There are the snow topped Alps in the background but for this morning they weren't as visible as earlier.  Novello village in the middle, Barolo village further right.

Stresa and panorama from the Botanical garden, half way on the funicular:

 

 

We had a bit bad luck with the weather; it was raining and cold in Italy, luckily for our day in Stresa the clouds were mostly behind the mountains to every direction.  In Piemonte it had been snowing the previous night and there was still some snow left -- meanwhile back at home in Finland they were enjoying the perfect sunshine and temperatures over +25C, with newspaper headlines "The weird world - heat in Finland, cold in Italy".  Our luck.

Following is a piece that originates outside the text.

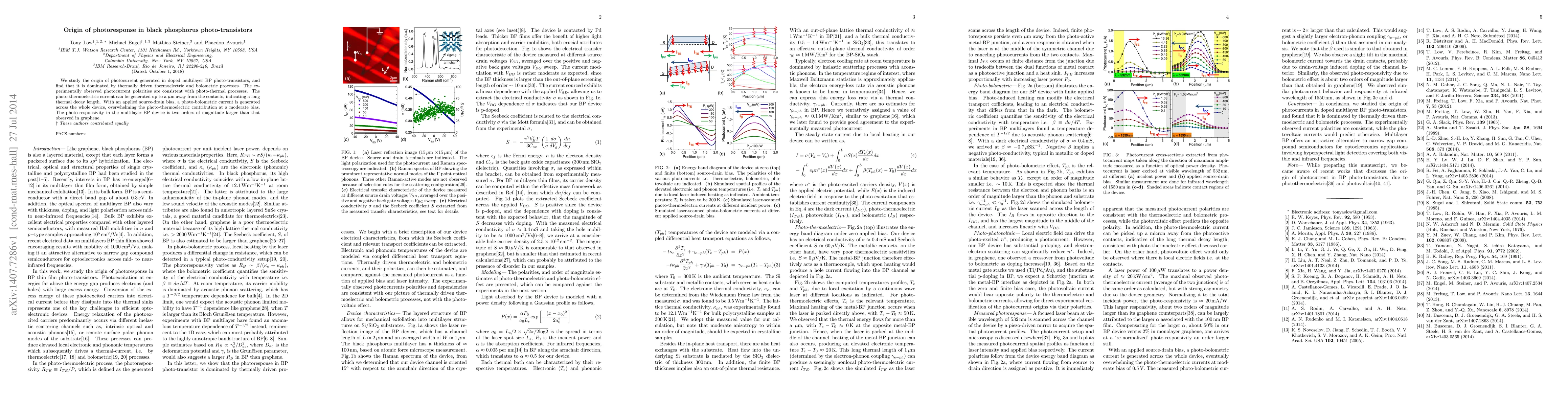 We study the origin of photocurrent generated in doped multilayer BP photo-transistors, and find that it is dominated by thermally driven thermoelectric and bolometric processes. The experimentally observed photocurrent polarities are consistent with photo-thermal processes. The photo-thermoelectric current can be generated up to a $\mu$m away from the contacts, indicating a long thermal decay length. With an applied source-drain bias, a photo-bolometric current is generated across the whole device, overwhelming the photo-thermoelectric contribution at a moderate bias. The photo-responsivity in the multilayer BP device is two orders of magnitude larger than that observed in graphene.

Shopping; Vicoloungo outlet was pretty basic, Serravalle outlet was pretty big and had some high-end brands as well.  Both had mostly -10..-20% off the list, some good finds.  The Place was more of a real outlet, small, built like a real stores, owned by Ermenegildo Zegna and as Zegna makes products for Gucci as well, Gucci was there too.  Up to 80% discounts on some items, including a pair of Gucci shoes I had to buy..  If one fits in the italian sizes and needs a suit, a must.

----------


## lmj

Thanks so much for the report, Petri!  As you know, by coincidence we'll be staying in the exact same hotels when we're in that area in a few weeks, looking forward to those beautiful views!

----------


## bto

and I'll be anticipating your reports and PICS, Lynn!!  This is a trip we want to make one day.

----------